Last day of school.
Hard to believe that it’s been 2 years with my RBM family.
Yesterday, on my drive home from work, I started thinking about where I was professionally – just a few years ago.
I had my own classroom. I had the best interest of my students in mind. I was pouring 12+ hours into my job every single day. I was making choices that I thought, at the time, were the best decisions for my students.
And I don’t regret them. I don’t regret that ‘first-year-teacher’ experience that we all, naturally, go through.
I am thankful for it.
Because, each day, when I failed at executing a lesson or came home crying out of exhaustion, I knew that these were just small moments that were part of a larger experience. I knew these moments were building me into a stronger educator.
They were building blocks. Stepping stones. Small hurdles I needed to climb.
And as I continue to climb, step, jump, fall, and skin my knees along this crazy journey, I learn. I grow. And I come out stronger each year.
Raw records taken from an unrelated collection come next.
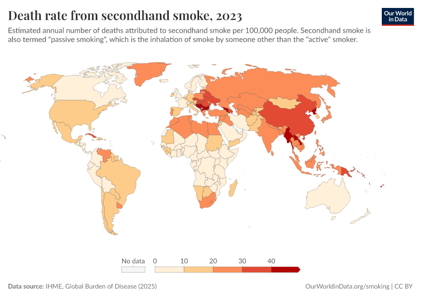 IHME, Global Burden of Disease (2025) – with major processing by Our World in Data. “Death rate from secondhand smoke” [dataset]. IHME, Global Burden of Disease, “Global Burden of Disease - Risk Factors - Deaths” [original data]. Retrieved February 28, 2026 from https://data-diet-americans.owid.pages.dev:8789/20260213-113303/grapher/death-rate-from-secondhand-smoke-gbd.html (archived on February 13, 2026).
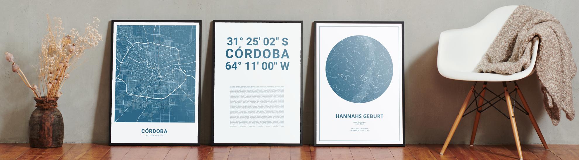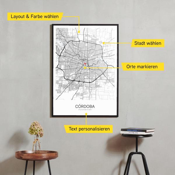 Wähle Farben und Layouts, die perfekt zu dir passen. Ob als klassische Karte in schwarz-weiß oder in modernen Farben. Bei Cartida kannst du ein Design in deinen Lieblingsfarben wählen. Erstelle eine Variante von Córdoba, die perfekt zu dir und deiner Wohnung passt.
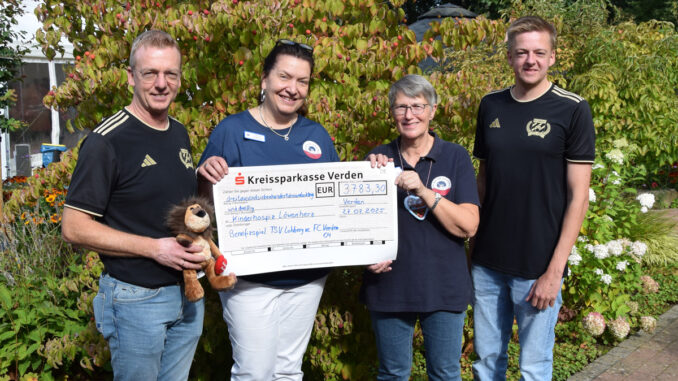 Im Rahmen des Tags der offenen Tür beim Kinderhospiz Löwenherz in Syke konnte der TSV Lohberg nun den Spendenscheck übergeben. Mit fast 3.800 EUR ist eine tolle Spendensumme zusammengekommen und die Verantwortlichen freuten sich sehr darüber, dass die beiden Sportvereine mit dem Benefizspiel an die Einrichtung in Syke gedacht haben. Das Angebot des Kinder- und Jugendhospiz richtet sich an die komplette Familie, einschließlich der gesunden Geschwister. Sie können in der naturnahen Anlage gemeinsam zu Gast sein, um wieder durchzuatmen und Kraft zu tanken, während das kranke Kind von professionellen Pflegekräften rund um die Uhr versorgt wird. Bis zu 200 Familien können im Jahr zu Löwenherz kommen, erfuhr der TSV-Vorstand um Lars Rosebrock-Heemsoth und Steffen Lühning vor Ort. Für die Finanzierung des umfangreichen Angebotes ist der Verein Kinderhospiz Löwenherz e.V. auf Spenden angewiesen und auch viele Ehrenamtliche unterstützen in der Küche, im Garten, in der Pflege oder in der Öffentlichkeitsarbeit.
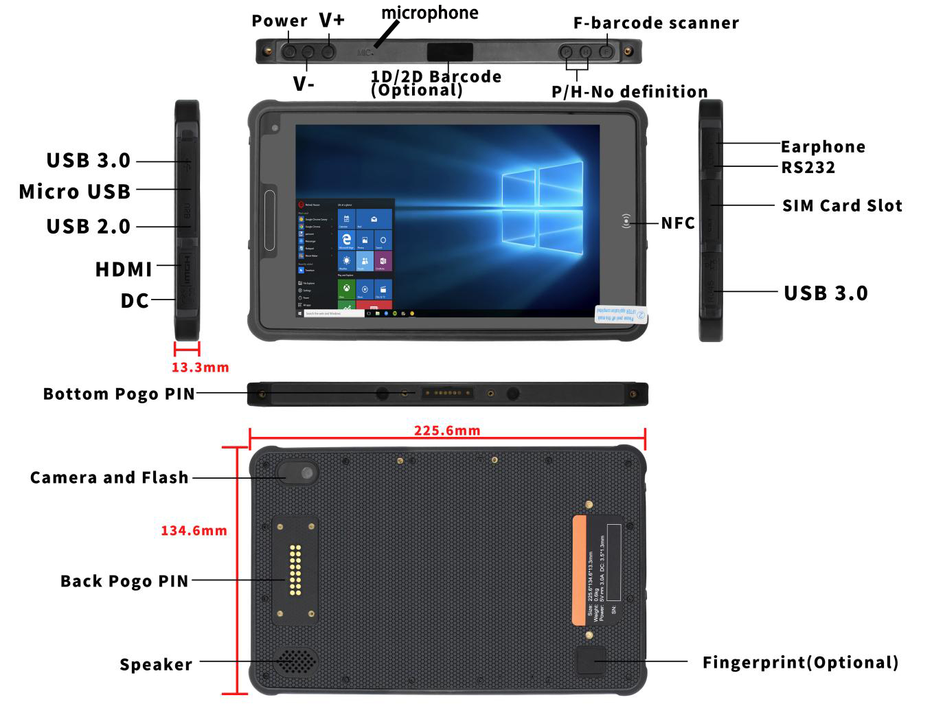 HDMI*1, SIM 카드 슬롯*1, RS232*1(미니 USB), 이어폰 포트*1, DC 전원 포트*1(3.5×12mm), USB-A: USB 3.0×2 + USB 2.0×1 하단 pogopin: USB 2.0; 충전; RS232 후면 pogopin: USB 2.0; RS232 |
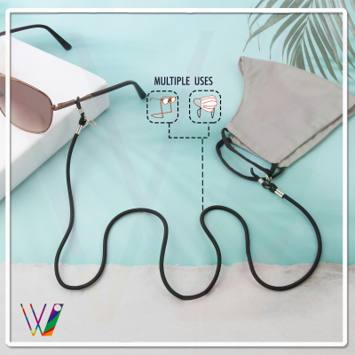 PRODUCT DETAILS: Material- Fabric || Color- Black || Close type- Silicone Rubber || Lock- Metal Hook || Chain Standard Length- 75 cm || Chain Use for- Mask, Reading Eyeglasses, Bracelet, Necklace, Key Chains, Pendant, Eyewear, Spectacle, Swimming Goggles, Sports Glasses, and More || Suitable for- Men, Women, & Children.
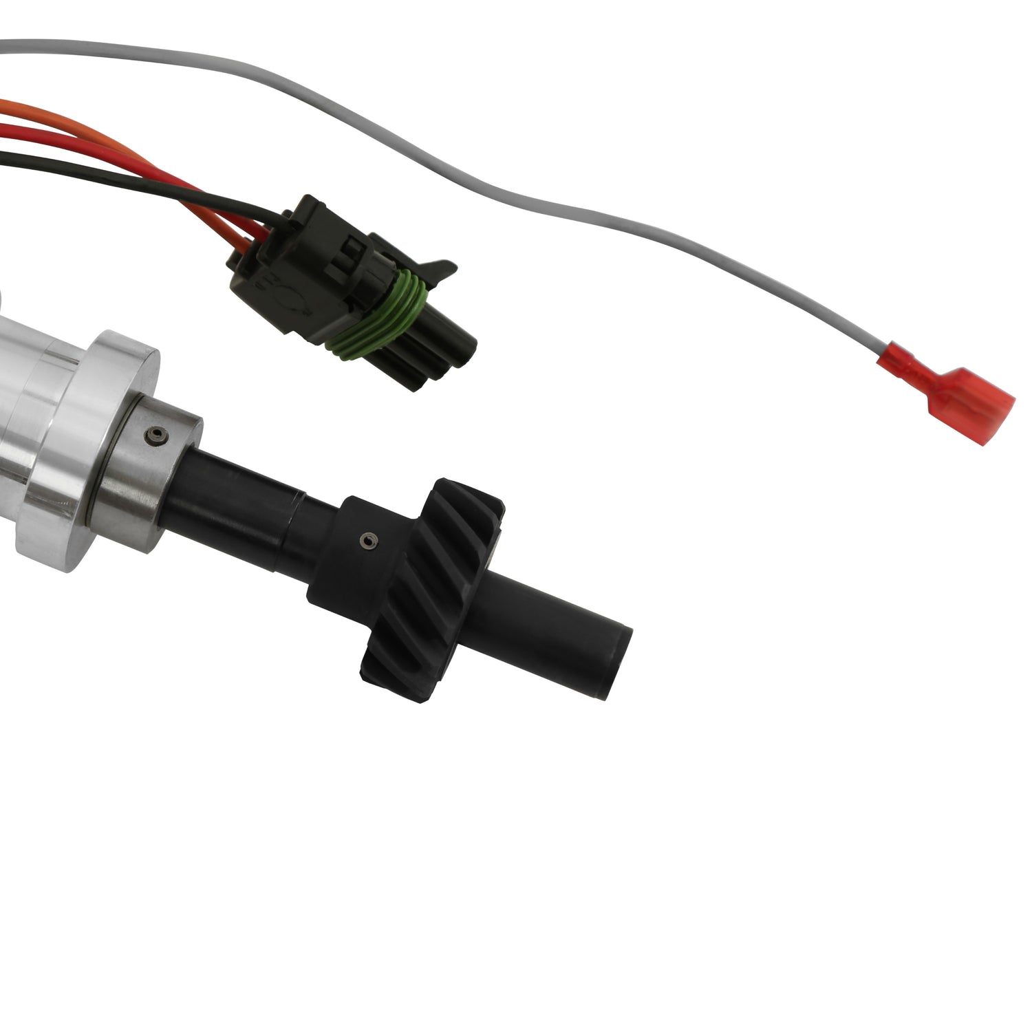 MSD's Ready-to-Run marine distributors are the perfect upgrade for boats that are relying on worn-out breaker points or weak ignition systems. These new distributors feature a powerful ignition module built into the billet aluminum housing. This module produces a stout inductive spark that will improve combustion of the fuel mixture for better drivability. Beneath the durable bolt-down, injection-molded cap, a maintenance-free magnetic pick-up produces accurate trigger signals while an oversized shaft is guided by a sealed ball bearing. An easy-to-adjust mechanical advance allows you to custom tailor a timing curve to match your application. The Ready-to-Run distributors are a breeze to install. Simply drop it in the engine and connect three wires and you're Ready-to-Run across the lake! Supplied with a cap, rotor, gear and Weathertight wiring harness.

Each day.
When I climb up this mountain of blocks and stones, with a sturdy foundation below me, I often pause for a few moments to look out at my view.
Today, as I stand on this mountain, miles and miles to go until I reach the summit, I stop for a moment to reflect. I stop to soak in this panoramic view of all the special moments we’ve had this year.
I will continue to climb. And continue to grow. But, after many years of struggling and losing grip over and over, I am a little sturdier. A little more confident. A little more content with my view.